Saturday, February 7, 2009

Polling Gaza

I’m always curious as to why the level of scrutiny of polling in the United States is never applied to some other pretty important polls elsewhere. Maybe it's because election polls are eventually proven accurate or inaccurate, whereas others are onetime snapshots of public opinion that can't really be challenged.

I mention this because of an article in the AFP discussing attitudes of Palestinians after the war in Gaza. Now the poll may be accurate, I’m not sure, but there were some red flags that were raised which the article doesn't address. I don't' really fault the pollster here – like in the US, it's mostly the fault of the media in the way they report polls.

The article leads with the headline: Poll: Gaza Boosts Hamas Support.

It then goes on to say:

Hamas would get 28.6 percent of the vote compared with 27.9 percent for the rival Fatah faction of Western-backed president Mahmud Abbas if elections were held today, according to the survey by the Jerusalem Media and Communications Centre.

In Gaza, the poll put Hamas at 28 percent against 33.6 percent for Abbas' Fatah. In the West Bank, the poll gave Hamas 29 percent support against 24.5 percent for its rival.
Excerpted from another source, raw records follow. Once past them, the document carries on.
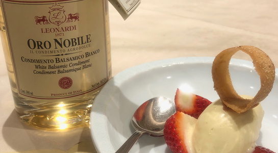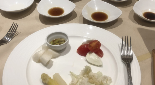 第二部は蕪・白アスパラガス・カリフラワー・トマトとモッツアレラチーズ、フランスパンなどのシンプルな食材で各種の酢を食べ比べを実施。最後にはデザートに4年熟成の白バルサミコ酢をかけて試食をおこないました。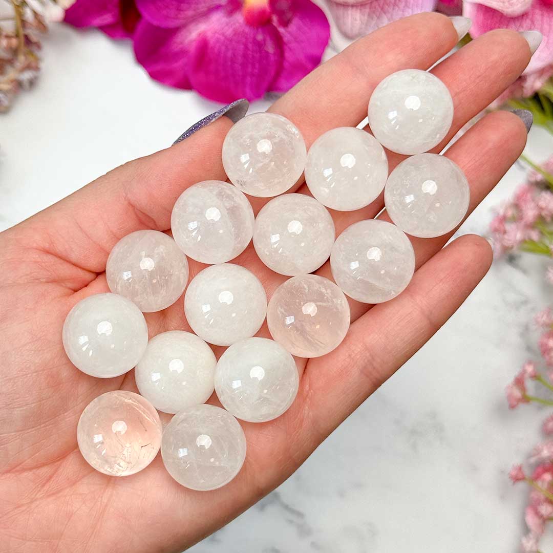 Teli, helyenként átlátszó fehér színű hegyikristály mini golyók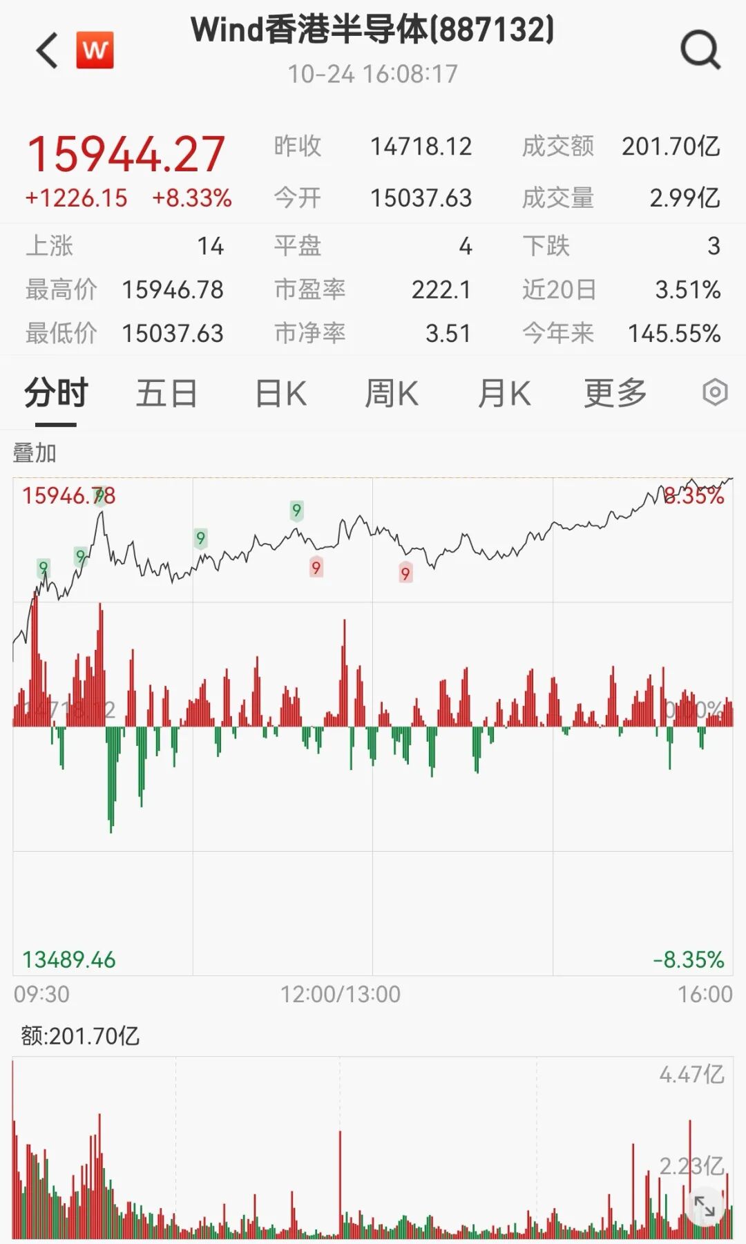 从盘面来看,Wind概念板块多数上涨,金融IC指数涨13.63%,集成电路产业基金指数涨9.03%,集成电路指数涨8.59%。跌幅方面,蓝宝石指数领跌3%,智能建筑指数跌2.04%,智能家居指数跌1.75%。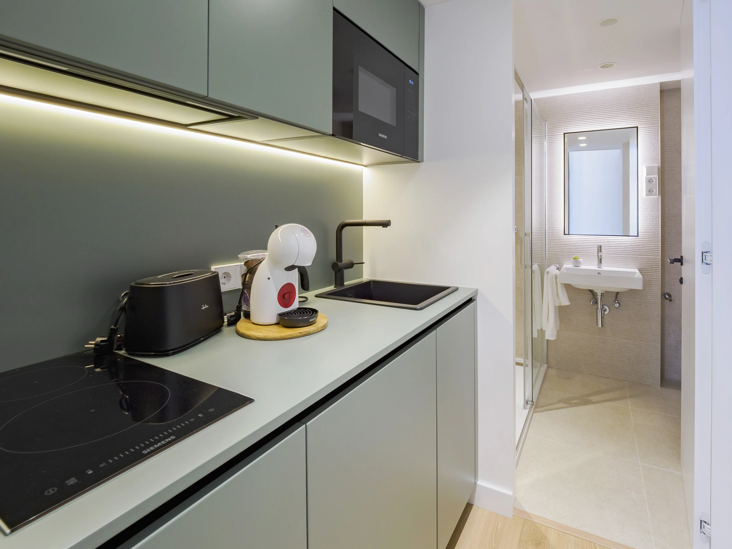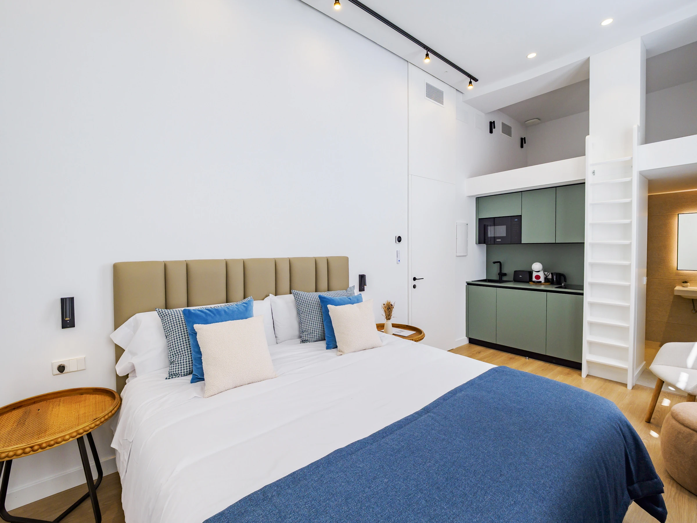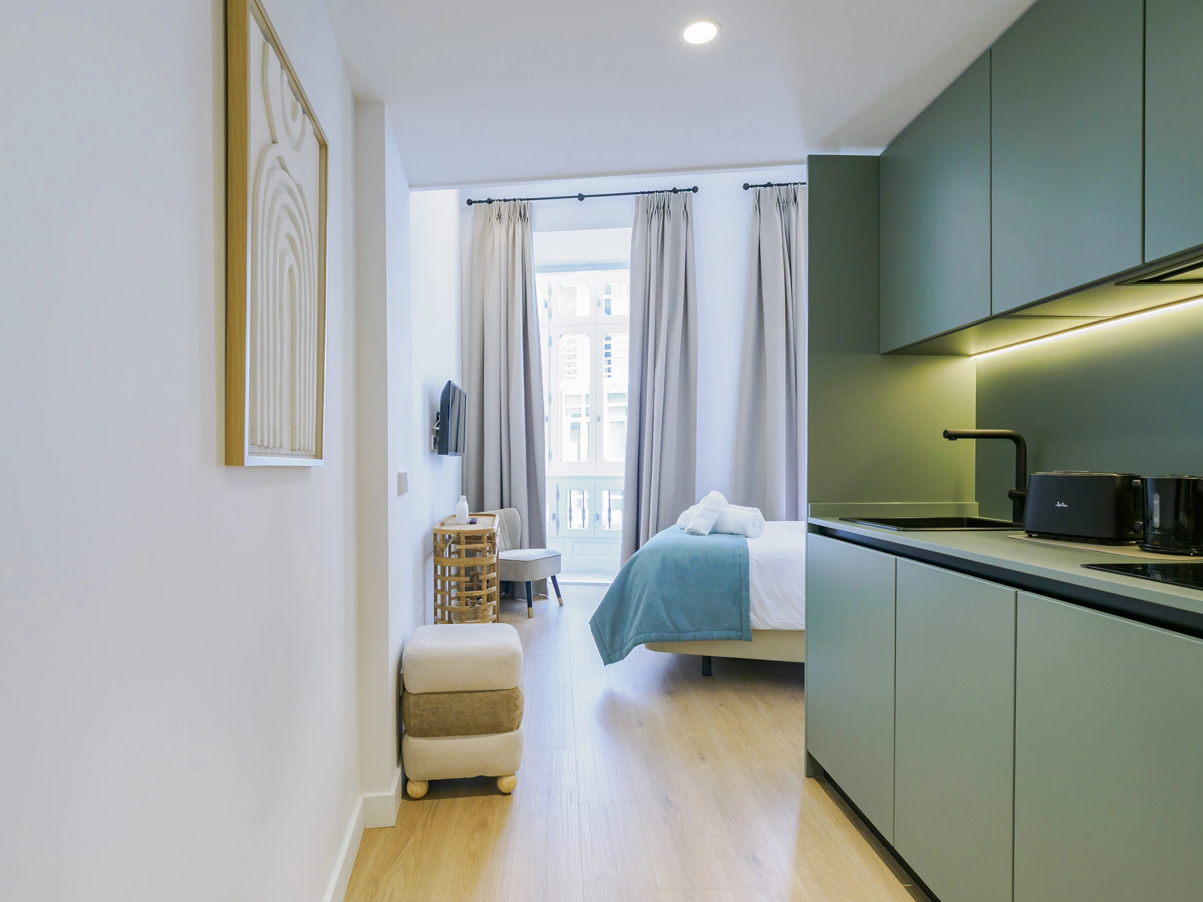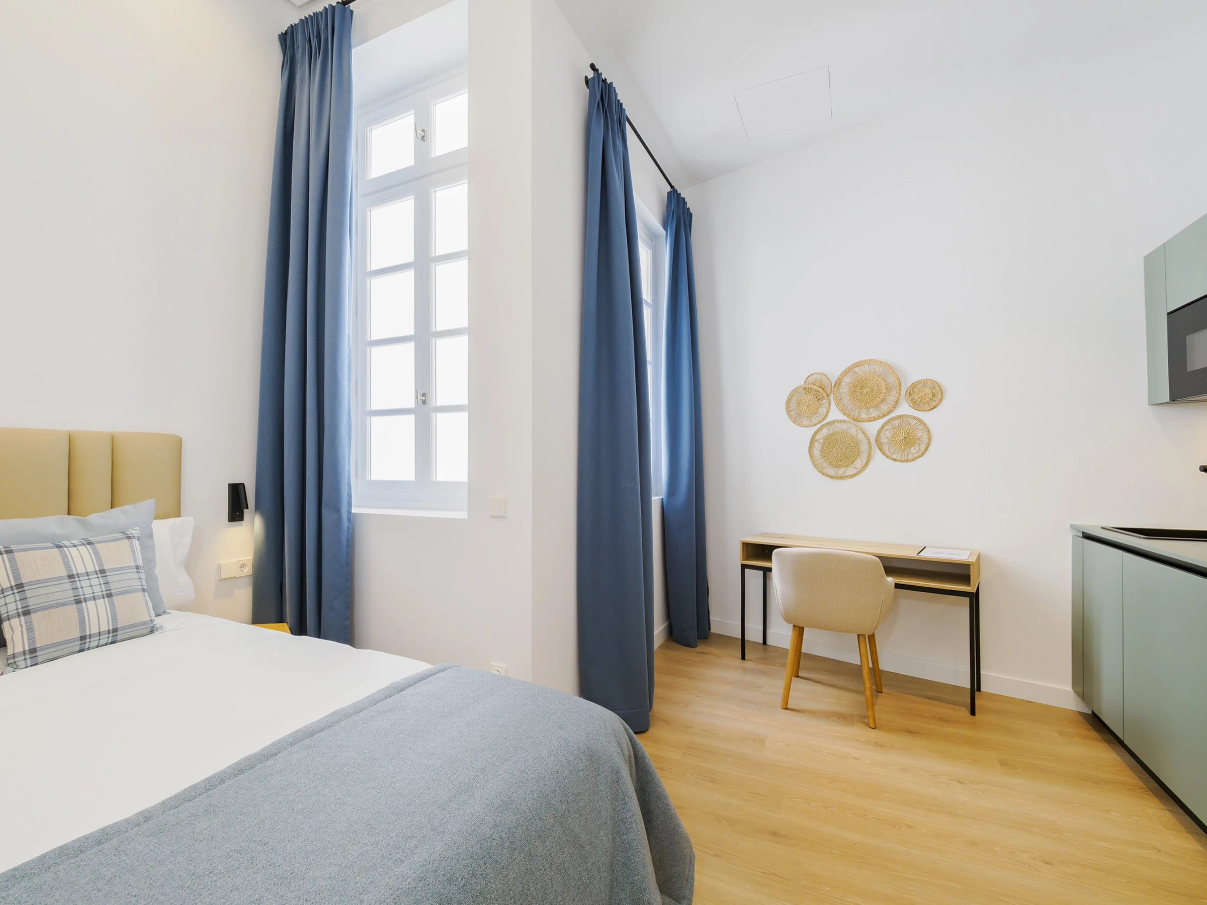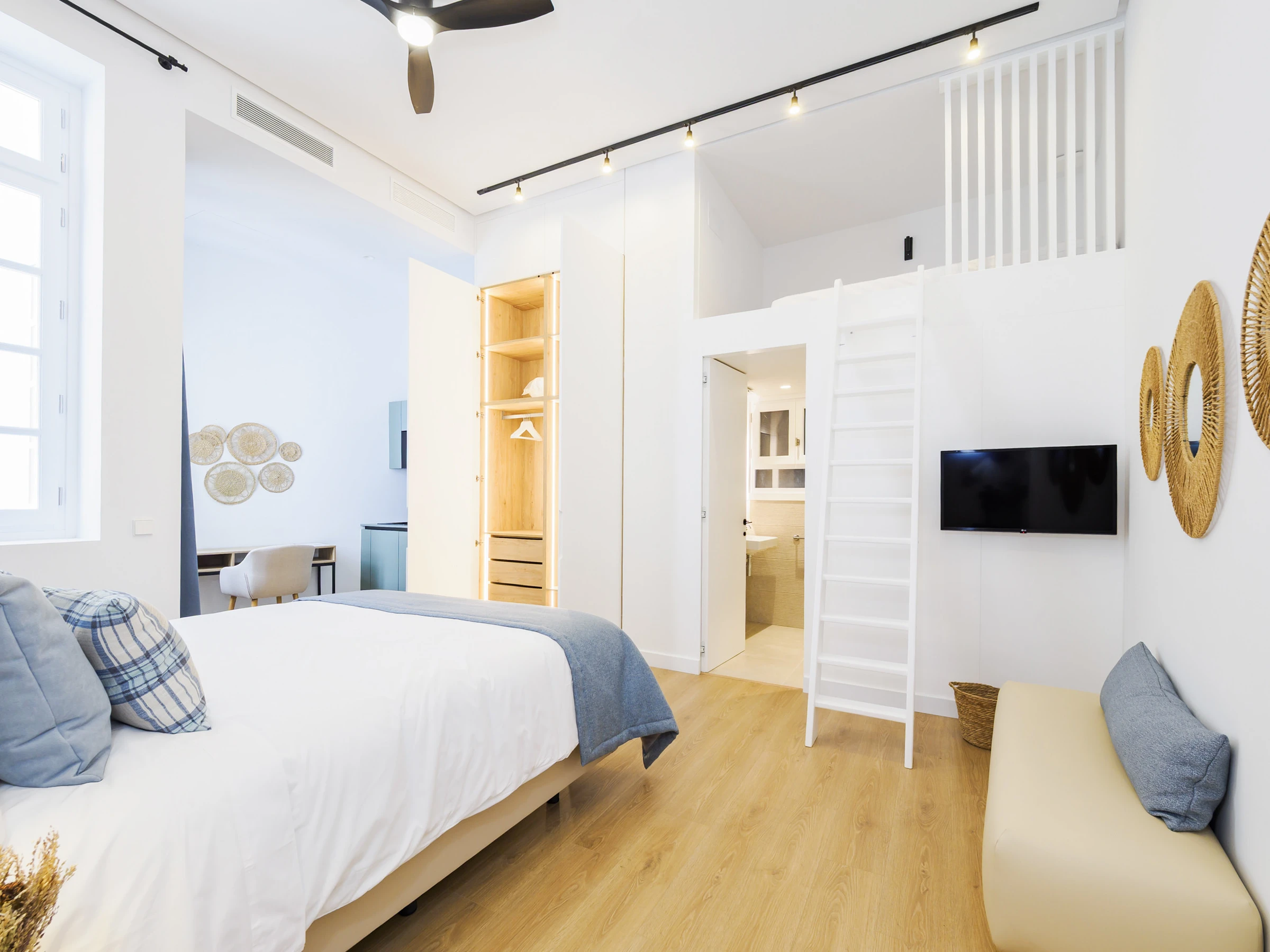 Studio moderne pour 3 personnes en plein centre de Malaga, réservé aux adultes, avec climatisation, cuisine équipée et à quelques minutes de la Rue Larios, des plages et des principales attractions touristiques.

Why do I have a problem with this? First of all, the headline, which states: "Gaza Boosts Hamas Support" is inaccurate. In order to show that it boosted Hamas' support, we would have needed an earlier poll taken before the war to measure support then. If such a poll was taken, it would have to be by the same firm with the same exact methodology. The article doesn't mention any such poll. So whatever the actual current level of support is, we don't really know if it was an increase or a decrease. This didn't stop the writer from blindly assuming a phenomenon based on no empirical evidence.

The article then goes on to mention the numbers listed above, which is fine, but uses them to make blind assertions about who actually enjoys more popularity. Given the narrow gap between the figures however, I think this is rather reckless. For example, it's declared that Hamas would win an election because it gets 28.6 percent compared to 27.9 for Fatah. It doesn't take much to observe that that's only slightly over one percentage point. Given that the polls margin of error was stated to be plus or minus 3, we can't really assume a victory based on a 1-point difference. A margin of error of 3 means that the actually results could be anywhere from Hamas - 25.6% and Fatah – 30.9, to Hamas - 31.6 and Fatah - 24.9. We can predict the real numbers would lay somewhere close to what was stated, but the article doesn't predict, it makes a bold statement about something the poll actually doesn't say.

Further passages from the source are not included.